O que torna um casamento católico válido?
O casamento católico é um sacramento reconhecido pela Igreja Católica como uma união válida entre um homem e uma mulher. Para ser considerado válido, um casamento católico deve atender a certos requisitos. Esses incluem:
- Consentimento livre: Ambas as partes devem consentir livremente com o casamento, sem qualquer forma de coação ou coação.
- Formulário adequado: O casamento deve ser celebrado na presença de um padre, diácono ou ministro autorizado, bem como de duas testemunhas.
- Intenção válida: O casal deve ter a intenção de entrar em uma união permanente, exclusiva e fiel.
- Capacidade: Ambas as partes devem ser livres para casar, o que significa que ainda não estão casadas com outra pessoa e devem ser maiores de idade.
Esses requisitos devem ser atendidos para que um casamento católico seja considerado válido. Se algum desses requisitos não for cumprido, o casamento não é considerado válido aos olhos da Igreja Católica.
Em 16 de junho de 2016, Papa Francisco acendeu uma tempestade no mundo católico com alguns comentários improvisados sobre a validade dos casamentos católicos hoje. Na versão inicial de suas observações, o Santo Padre declarou que 'a grande maioria de nossos casamentos sacramentais são nulos'. No dia seguinte, 17 de junho, o Vaticano divulgou uma transcrição oficial na qual o comentário foi revisado (com a aprovação do Papa Francisco) para ler que 'uma parte de nossos casamentos sacramentais é nula'.
Este foi simplesmente outro caso do Papa fazendo comentários improvisados sem considerar como eles seriam relatados pela mídia, ou há, de fato, um ponto mais profundo que o Santo Padre estava tentando expressar? O que torna um casamento católico válido , e é mais difícil hoje contrair um casamento válido do que no passado?

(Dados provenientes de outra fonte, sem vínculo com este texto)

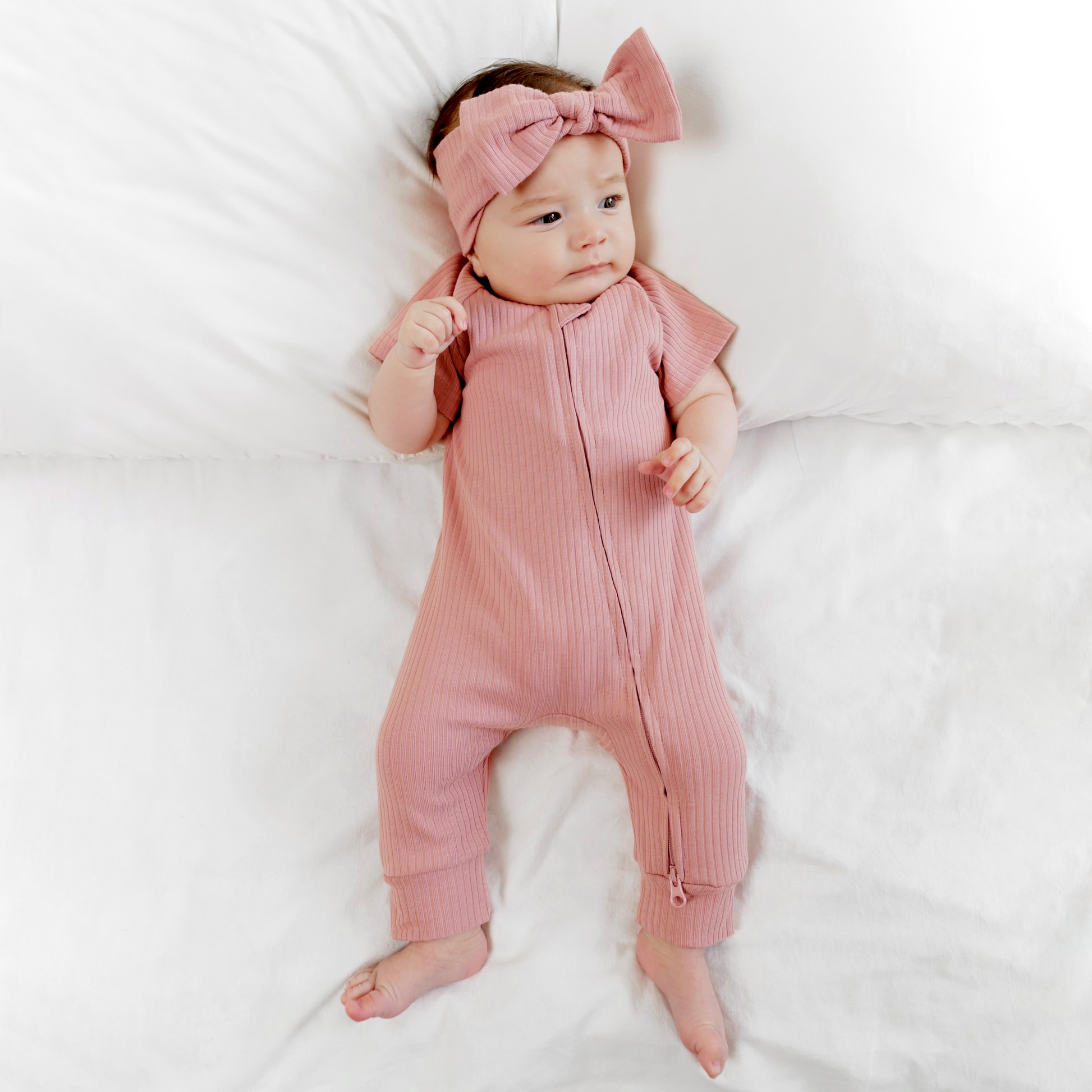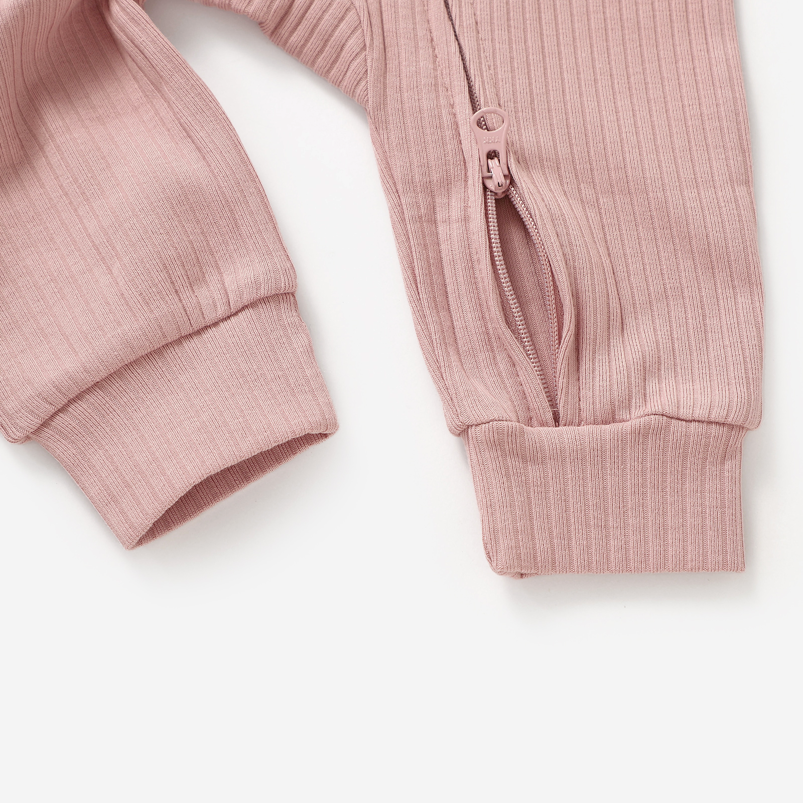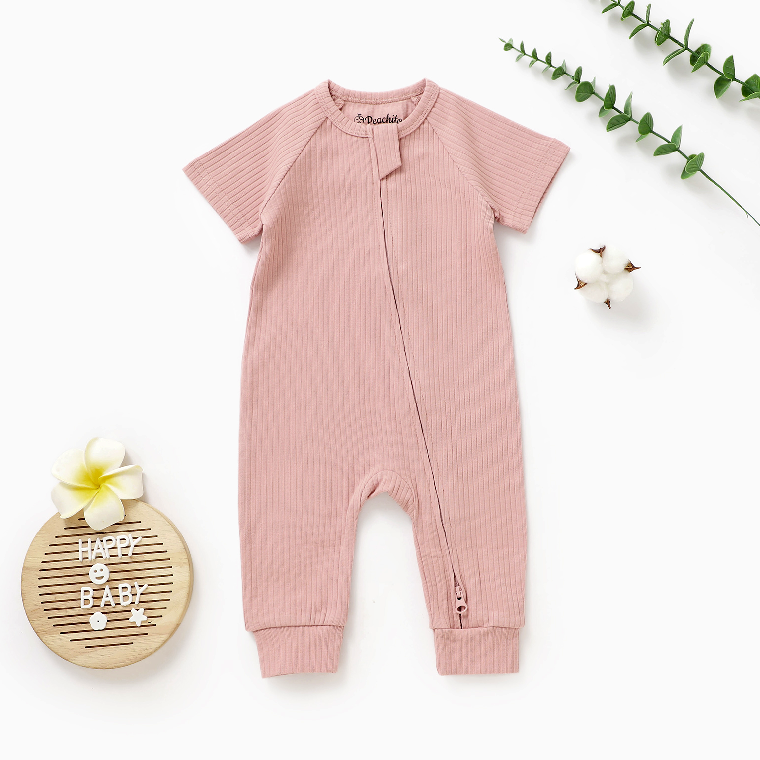 אוברול שרוול קצר עם רוכסן דו כיווני מכותנה אורגנית Blush

O contexto das palavras do Papa Francisco
Os comentários do Papa Francisco podem ter sido inesperados, mas não surgiram do nada. Em 16 de junho, discursava em um congresso pastoral da diocese de Roma, quando, como relata a Agência Católica de Notícias ,
Um leigo perguntou sobre a “crise do casamento” e como os católicos podem ajudar a educar os jovens no amor, ajudá-los a aprender sobre o casamento sacramental e a superar “suas resistências, ilusões e medos”.
O questionador e o Santo Padre compartilharam três preocupações específicas, nenhuma das quais é em si controversa: primeiro, que há uma 'crise do casamento' no mundo católico hoje; em segundo lugar, que a Igreja deve redobrar os seus esforços para educar os que contraem o matrimónio, para que estejam devidamente preparados para o sacramento do casamento ; e terceiro, que a Igreja deve ajudar aqueles que resistem ao casamento por várias razões para superar essa resistência e abraçar a visão cristã do casamento.
O que o Papa Francisco realmente disse?
No contexto da pergunta feita ao Santo Padre, podemos compreender melhor a sua resposta. Como relata a Agência Católica de Notícias, 'O Papa respondeu com base em sua própria experiência':
“Ouvi um bispo dizer há alguns meses que conheceu um rapaz que tinha terminado os estudos universitários e disse: 'Quero ser padre, mas só por 10 anos'. É a cultura dos provisórios. E isso acontece em todos os lugares, também na vida sacerdotal, na vida religiosa”, afirmou.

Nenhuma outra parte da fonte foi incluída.